### Given records
- - - - - - -
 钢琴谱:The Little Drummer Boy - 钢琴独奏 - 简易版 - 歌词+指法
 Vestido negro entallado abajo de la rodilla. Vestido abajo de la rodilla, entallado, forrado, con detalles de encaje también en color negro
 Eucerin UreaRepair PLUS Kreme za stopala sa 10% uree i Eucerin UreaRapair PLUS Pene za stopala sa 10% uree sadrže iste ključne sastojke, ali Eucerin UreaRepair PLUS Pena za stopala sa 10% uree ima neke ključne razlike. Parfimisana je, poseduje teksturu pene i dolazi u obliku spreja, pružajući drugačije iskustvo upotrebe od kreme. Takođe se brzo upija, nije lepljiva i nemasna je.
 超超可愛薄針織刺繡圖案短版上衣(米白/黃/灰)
- - - - - - -
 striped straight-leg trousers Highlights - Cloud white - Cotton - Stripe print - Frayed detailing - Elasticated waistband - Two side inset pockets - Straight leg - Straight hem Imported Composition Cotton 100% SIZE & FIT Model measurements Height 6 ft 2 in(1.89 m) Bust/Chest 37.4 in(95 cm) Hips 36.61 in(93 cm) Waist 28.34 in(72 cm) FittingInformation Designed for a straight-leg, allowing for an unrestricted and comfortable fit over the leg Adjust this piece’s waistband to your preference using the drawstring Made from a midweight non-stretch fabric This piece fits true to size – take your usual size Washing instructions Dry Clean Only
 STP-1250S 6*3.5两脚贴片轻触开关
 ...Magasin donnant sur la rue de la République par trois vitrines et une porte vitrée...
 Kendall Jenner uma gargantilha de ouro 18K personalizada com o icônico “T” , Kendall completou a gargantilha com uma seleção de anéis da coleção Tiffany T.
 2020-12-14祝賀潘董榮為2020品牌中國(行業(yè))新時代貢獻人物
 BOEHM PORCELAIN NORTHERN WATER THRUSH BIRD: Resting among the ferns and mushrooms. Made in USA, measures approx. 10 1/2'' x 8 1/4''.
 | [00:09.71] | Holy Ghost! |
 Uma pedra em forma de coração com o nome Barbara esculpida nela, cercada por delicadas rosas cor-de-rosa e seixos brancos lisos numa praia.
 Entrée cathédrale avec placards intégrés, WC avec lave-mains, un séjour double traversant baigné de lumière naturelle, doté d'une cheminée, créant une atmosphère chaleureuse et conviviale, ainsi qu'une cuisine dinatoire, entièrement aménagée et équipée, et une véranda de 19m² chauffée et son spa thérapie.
- - - - - - -
### What you should do
Everything above from the line containing "Vestido negro entallado" through the line containing "超超可愛薄針織刺繡圖案短版上衣(米白/黃/灰)" must be copied exactly. Nothing outside that range belongs in the answer.

### Finished task
 Vestido negro entallado abajo de la rodilla. Vestido abajo de la rodilla, entallado, forrado, con detalles de encaje también en color negro
 Eucerin UreaRepair PLUS Kreme za stopala sa 10% uree i Eucerin UreaRapair PLUS Pene za stopala sa 10% uree sadrže iste ključne sastojke, ali Eucerin UreaRepair PLUS Pena za stopala sa 10% uree ima neke ključne razlike. Parfimisana je, poseduje teksturu pene i dolazi u obliku spreja, pružajući drugačije iskustvo upotrebe od kreme. Takođe se brzo upija, nije lepljiva i nemasna je.
 超超可愛薄針織刺繡圖案短版上衣(米白/黃/灰)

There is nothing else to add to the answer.